En el zaguán de la Casona de la Gorvorana (en aquel entonces
empedrado y con una elegante tremenda puerta de tea), residencia de varias
familias (medianeros en la finca), recuerdo a mi madre llorar desconsoladamente
cuando apareció el coche de Dámaso que nos llevaría a Santa Cruz junto a los
otros cinco intrépidos. “Déjalo, coño, que se haga un hombre”, fue la despedida
del progenitor.
Años después, un grupo de amigos del barrio compuesto por
Carmelo, Lolo (q.e.p.d.), José Manuel, Miguel Ángel, Juan Felipe y un servidor,
tras reunir unas miles de pesetas mediante una cuota semanal de cinco duros y
algunas rifas de las que apenas vendíamos unos pocos números, se sube a bordo
del elegante navío de la fotografía para ir a patear La Palma. Este ‘Santa’,
junto, creo recordar a otros dos (de las Nieves y del Pino), vino a sustituir a
los ‘negros’ (uno de ellos, La Palma, fue el que me revolvió hasta la bilis en mi
bautizo marinero), y con toda la razón del mundo fueron conocidos como
auténticas cáscaras de nuez. Era tan insignificante su calado que cuando
superaban una ola daba la impresión de que su hélice quedaba al aire. Como
cuando los coches patinan, para captar la sensación.

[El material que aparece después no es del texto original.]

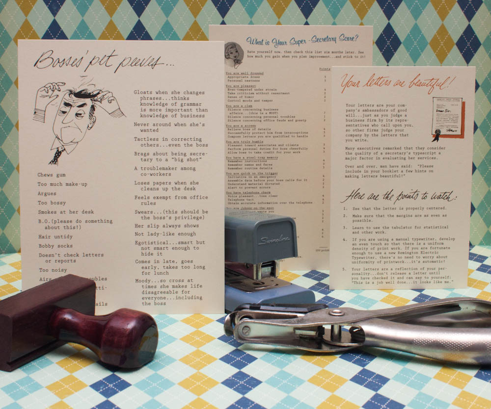 The line, with a vintage theme, has items that feature typewriter-ribbon labels, office ephemera and guides that may have been found on a secretary’s desk decades ago, such as excerpts from 1949’s “How to be a Super-Secretary” pamphlet (to see a PDF of the pamphlet, go here).

La inveterada costumbre de anotar algunas reseñas en cada
viaje ha supuesto el acopio de notas manuscritas o mecanografiadas a las que de
vez en cuando, como ahora mismo, echo una visual para rememorar momentos
felices de épocas difíciles. De las que escapamos con escasos medios (educativos,
sanitarios, de transporte, económicos, sociales…) y en las que suplíamos
carencias con ingenio y habilidad.
Salimos de El Toscal a las seis de la tarde del sábado 29 de
julio de 1967, guagua de La Dehesa, para en El Puerto tomar otra rumbo a Santa
Cruz. El Santa María de la Caridad partía hacia la capital palmera a las diez de
la noche. Con la perspectiva actual podría deducirse que éramos muy previsores.
Pero se vienen los cálculos por tierra al instante de borrar la autopista del
trazado y sustituir la moderna flota de Titsa por aquellas rojas que lucían un
curioso manojo de banderas en la parte alta de su frontal durante las fiestas
principales de los pueblos.
“Compramos allá unos rollos fotográficos y nos fuimos para
el muelle, donde estaba pescando el tío de Juan Felipe, que tenía un sargo”. Ya
había hecho acto de presencia la Kodak Instamatic (aquella que se le
incorporaba un flash giratorio con cuatro lámparas que daban para cuatro
disparos y chamuscadas para siempre). Todo un adelanto tecnológico para quienes
conocíamos un poco de rolos, bellotas y badanas. Y de cómo se aprovechaba lo
que la naturaleza nos brindaba hasta el punto que no había recogida
domiciliaria de basura y el mundo estaba mucho más limpio que cuando el
progreso surgió de improviso.
“Barco muy ligero y movible, con camarotes separados de tres
butacas, malísimos. Vimos el Norte de Tenerife, sobre todo la Urbanización Los
Ángeles, de El Sauzal, y el Puerto de la Cruz. Bueno, algunos lo vimos, porque
otros permanecían muriéndose abajo, como uno que me pidió una bolsa de mareo y
cuando se la fui a dar estaba con aquello en las manos”. Tal cual escrito está.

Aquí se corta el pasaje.